#### [Supplied information]

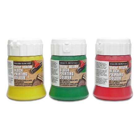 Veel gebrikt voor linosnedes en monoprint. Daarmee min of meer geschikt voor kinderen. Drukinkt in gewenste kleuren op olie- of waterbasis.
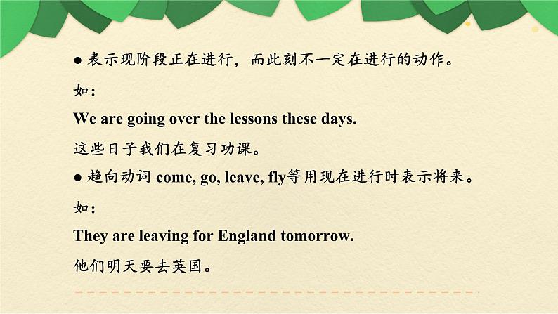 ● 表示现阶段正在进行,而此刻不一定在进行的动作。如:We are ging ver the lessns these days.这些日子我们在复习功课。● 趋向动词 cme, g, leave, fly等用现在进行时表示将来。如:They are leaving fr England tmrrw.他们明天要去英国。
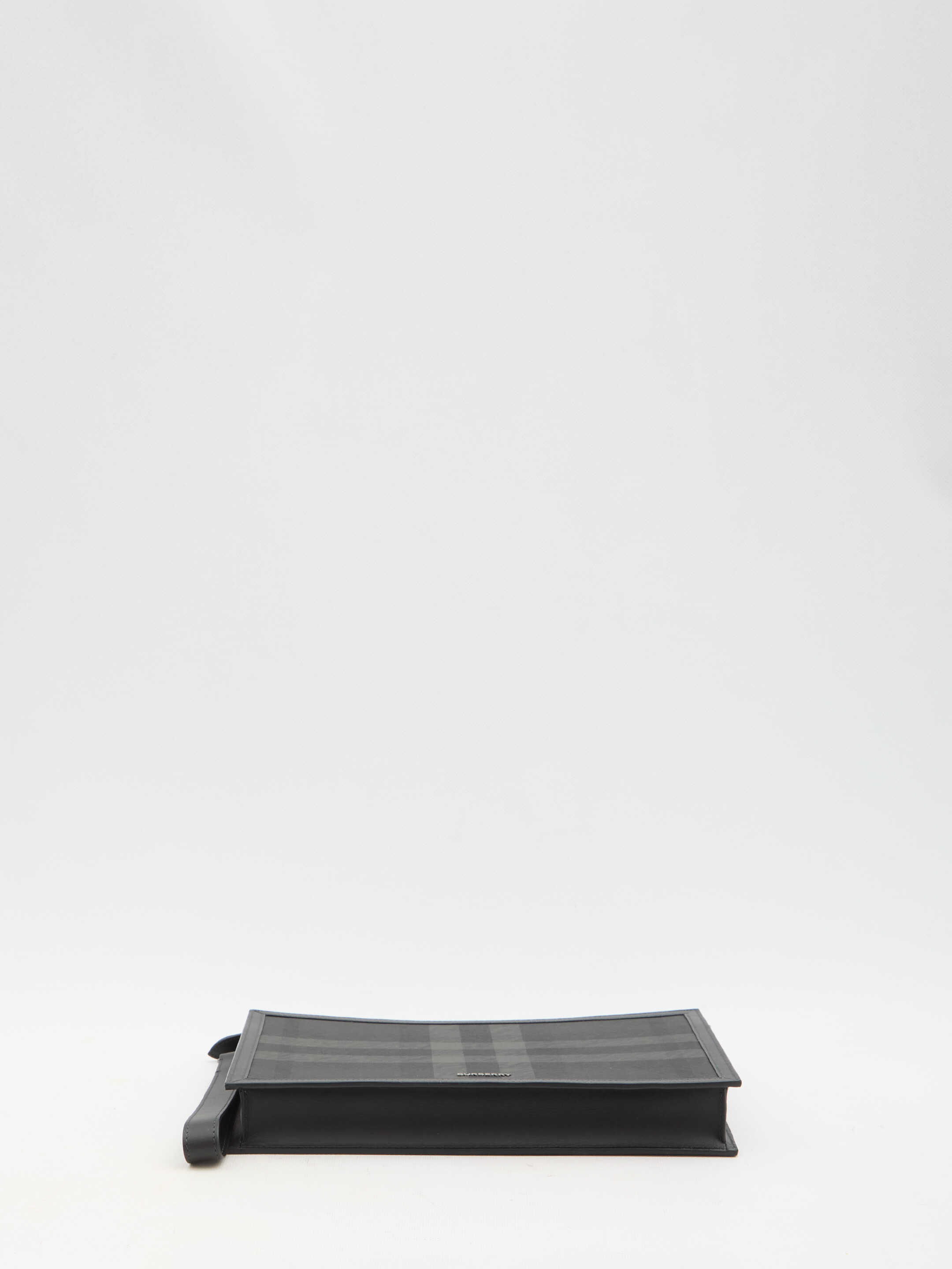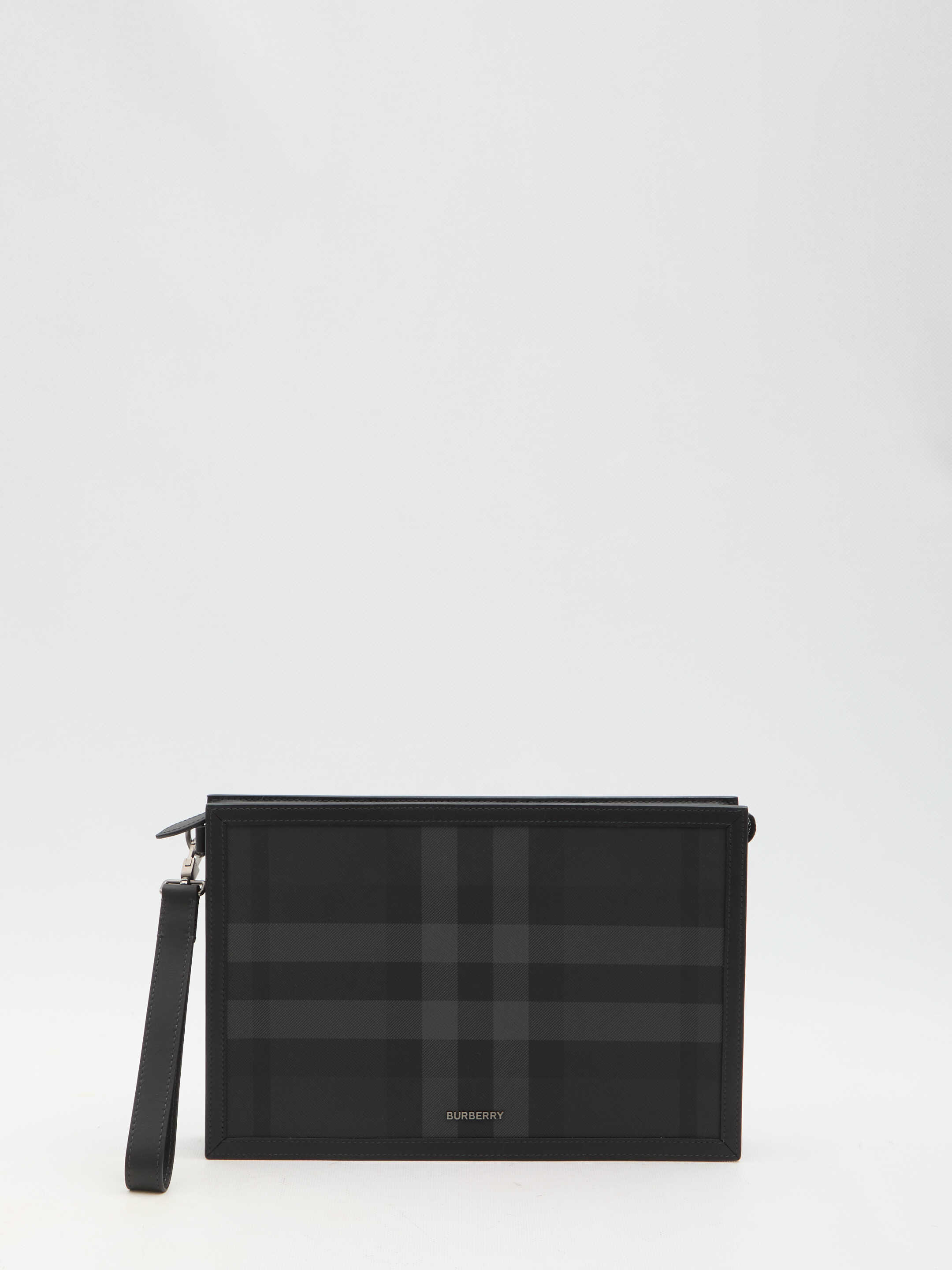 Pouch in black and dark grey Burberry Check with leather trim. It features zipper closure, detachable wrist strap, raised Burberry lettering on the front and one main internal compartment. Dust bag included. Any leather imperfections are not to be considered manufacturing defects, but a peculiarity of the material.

#### [What to do]
When you return the listing, keep each line exact and leave the pictures out.

#### [Answer]
 Veel gebrikt voor linosnedes en monoprint. Daarmee min of meer geschikt voor kinderen. Drukinkt in gewenste kleuren op olie- of waterbasis.
 ● 表示现阶段正在进行,而此刻不一定在进行的动作。如:We are ging ver the lessns these days.这些日子我们在复习功课。● 趋向动词 cme, g, leave, fly等用现在进行时表示将来。如:They are leaving fr England tmrrw.他们明天要去英国。
 Pouch in black and dark grey Burberry Check with leather trim. It features zipper closure, detachable wrist strap, raised Burberry lettering on the front and one main internal compartment. Dust bag included. Any leather imperfections are not to be considered manufacturing defects, but a peculiarity of the material.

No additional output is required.